> Material provided:
§ §
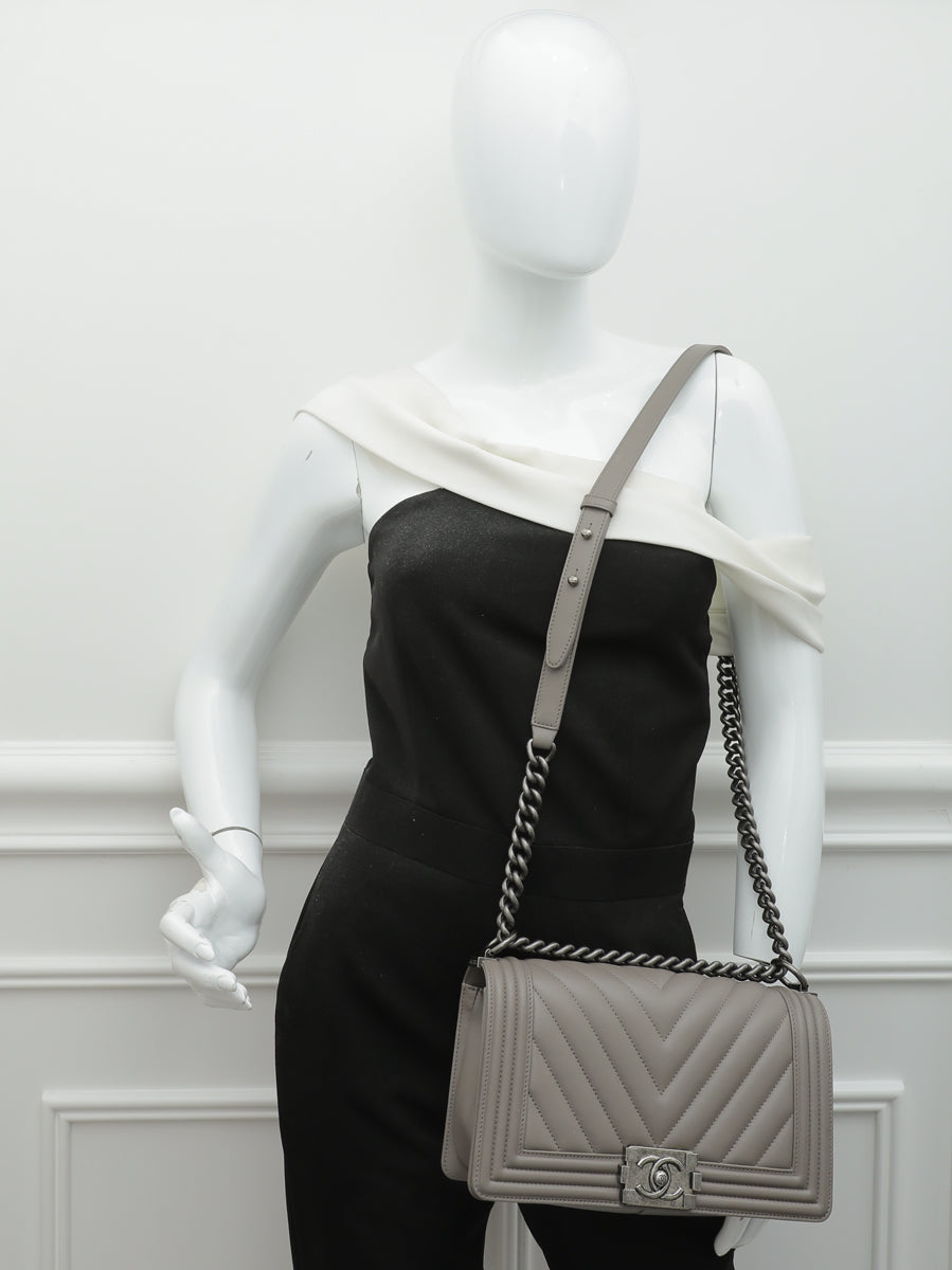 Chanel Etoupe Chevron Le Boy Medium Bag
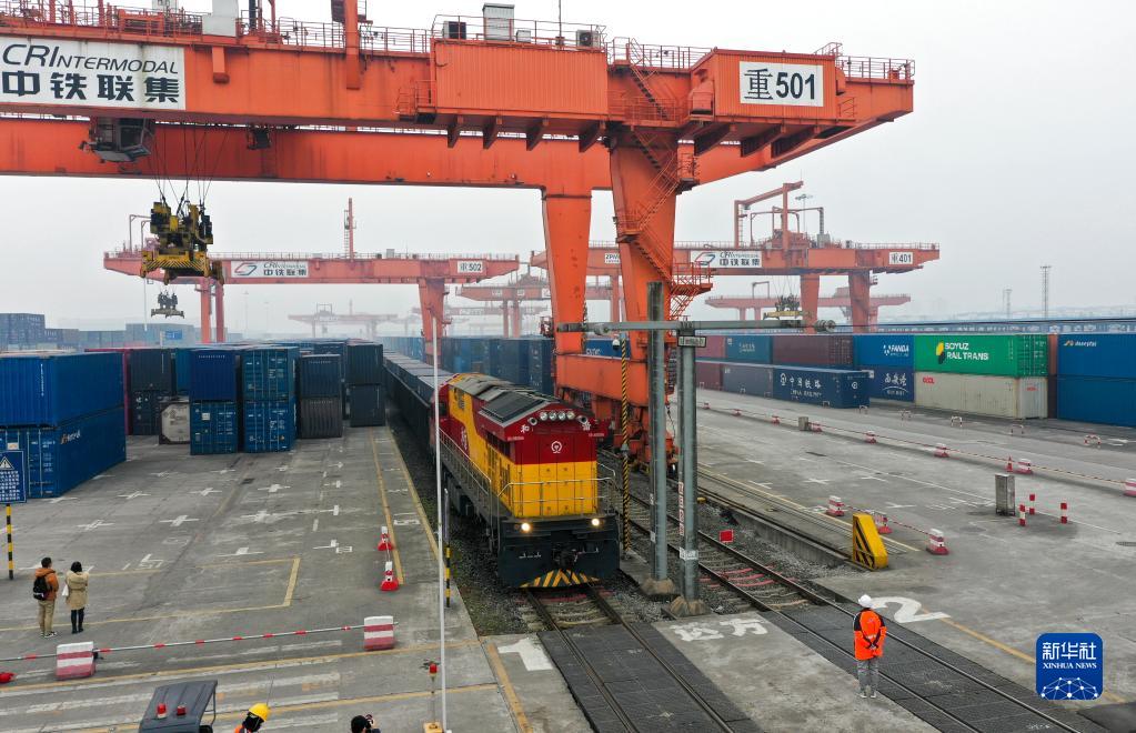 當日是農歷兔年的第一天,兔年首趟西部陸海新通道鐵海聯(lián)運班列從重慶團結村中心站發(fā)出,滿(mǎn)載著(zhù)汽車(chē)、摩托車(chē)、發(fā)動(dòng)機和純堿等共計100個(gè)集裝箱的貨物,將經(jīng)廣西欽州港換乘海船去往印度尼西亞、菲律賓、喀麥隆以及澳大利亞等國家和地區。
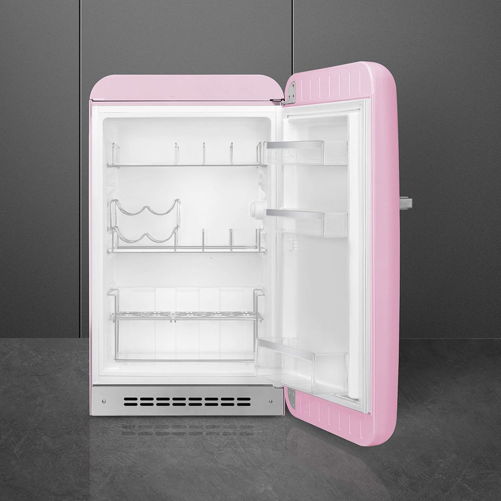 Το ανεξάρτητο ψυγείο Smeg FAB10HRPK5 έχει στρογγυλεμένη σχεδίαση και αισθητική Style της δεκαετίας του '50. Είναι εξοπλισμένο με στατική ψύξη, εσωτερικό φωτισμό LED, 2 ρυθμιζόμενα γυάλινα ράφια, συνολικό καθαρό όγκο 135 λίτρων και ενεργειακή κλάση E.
§ §
The listing above is to be retyped word for word, with the pictures omitted.

> Exercise answer:
 Chanel Etoupe Chevron Le Boy Medium Bag
 當日是農歷兔年的第一天,兔年首趟西部陸海新通道鐵海聯(lián)運班列從重慶團結村中心站發(fā)出,滿(mǎn)載著(zhù)汽車(chē)、摩托車(chē)、發(fā)動(dòng)機和純堿等共計100個(gè)集裝箱的貨物,將經(jīng)廣西欽州港換乘海船去往印度尼西亞、菲律賓、喀麥隆以及澳大利亞等國家和地區。
 Το ανεξάρτητο ψυγείο Smeg FAB10HRPK5 έχει στρογγυλεμένη σχεδίαση και αισθητική Style της δεκαετίας του '50. Είναι εξοπλισμένο με στατική ψύξη, εσωτερικό φωτισμό LED, 2 ρυθμιζόμενα γυάλινα ράφια, συνολικό καθαρό όγκο 135 λίτρων και ενεργειακή κλάση E.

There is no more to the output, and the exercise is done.